# Not go in the street



## BigArn (Apr 23, 2009)

Or go across the street, just stay out of the street.
He was in the street twice yesterday, once while my SO was pulling in the drive he went out to greet her and went around the truck. Second time was to run over and great a lady and her Golder Retriever. I was not happy last night. He's been very good up until yesterday being off the leash.


----------



## Bama4us (Oct 24, 2009)

Simple, if he runs across the street then don't let him off leash. Don't mean to sound rude, not trying to be at all, but that is the best way to keep your dog alive. We live out in the country on a road surrounded by farms. Only 5 other homes on the road, and I still won't let Bear off leash. Every time someone passes in a car, he tries to get to them. We have cows, and horses all around us, and our road ends on a wildlife preserve. Until he has a solid and trusted recall, there's no way I'll let him run free. Start with a long leash, and teach him where his boundry ends, when you know he won't try crossing the street, and will come to you EVERY time you call, give him the freedom of off leash.


----------



## Castlemaid (Jun 29, 2006)

What Kevin said!! Supervise and keep on leash, or a long-line. It is not reasonable to expect a young pup to understand those boundries, and to have the self control to not run across the street if he sees something interesting. Your job to keep him safe - and his job to repay you for you doing your job by giving you years of happiness!


----------



## Denman (Jul 6, 2009)

Alot of folks on here dont recommend Invisible Fence due to others being able to get into your yard, however I put it in and absolutely love it... Ginger wont chase cars either way, but she knows her boundaries and stays in them... I even had them put the wire a ways back from the street to avoid her even trying to get out there


----------



## MaggieRoseLee (Aug 17, 2001)

Invisible fencing works BUT it's not a quick and instant fix like a real fence or a longline. 

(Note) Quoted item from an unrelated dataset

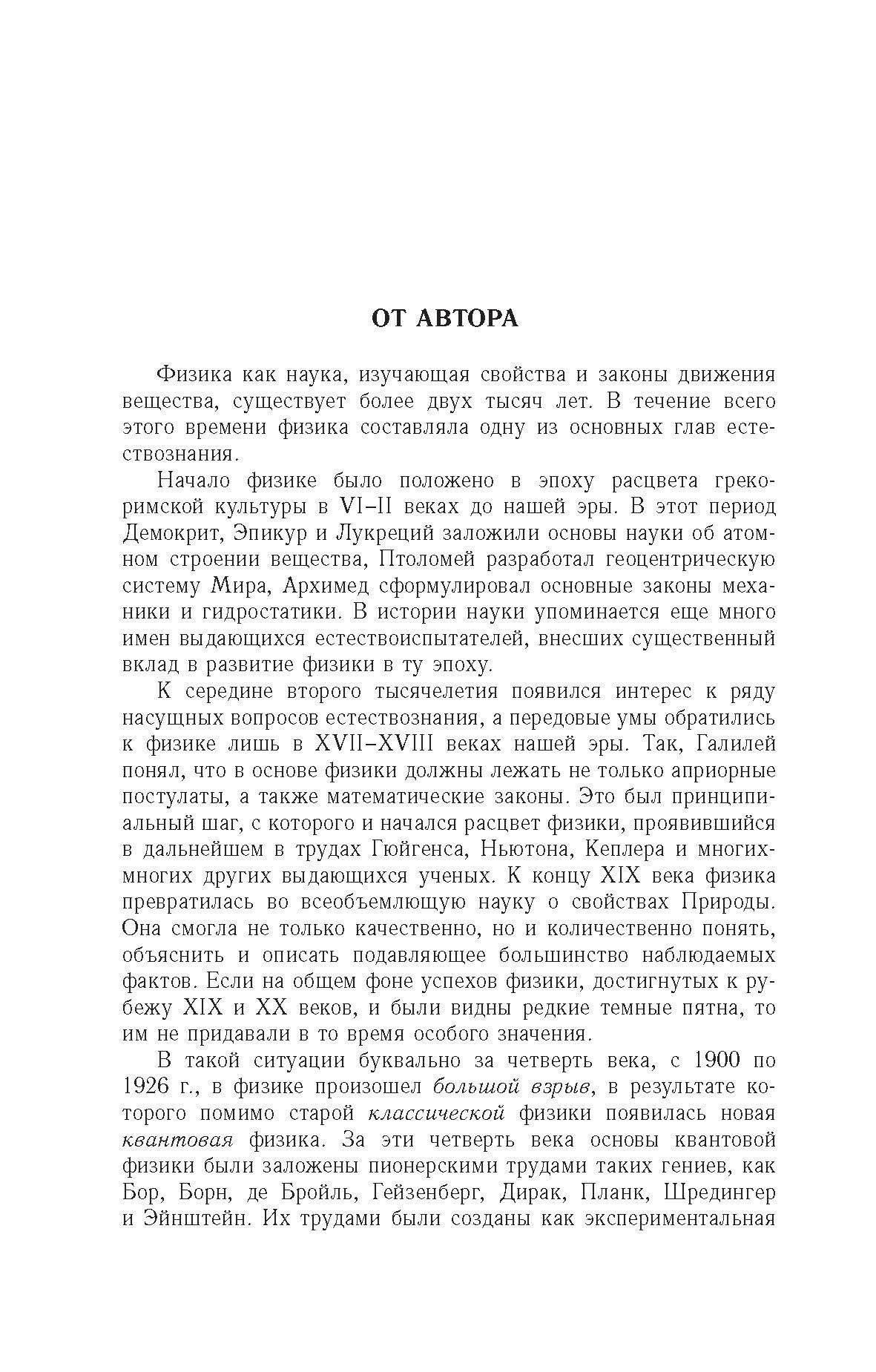 Сейчас, в начале XXI века, квантовая физика доминирует среди других разделов физики по значению получаемых новых результатов как для науки в целом, так и для современных техники и технологий. Поэтому ознакомление с основами квантовой физики необходимо любому молодому человеку, оканчивающему среднюю школу, или начинающему студенту, если он собирается посвятить свою жизнь физике, астрофизике, химии, электронике или современной технике.

It only works if you are absolutely committed to the training for months to get your dog really used to it.


----------



## MikeB06 (Mar 12, 2006)

Most any seasoned professional dog trainer can teach you how to teach boundry training. I have been teaching it for years to my private clients. There might be some written techniques on line if you search Google or Bing and even video clips on YouTube. Do some research it's amazing whats out there that can help.


----------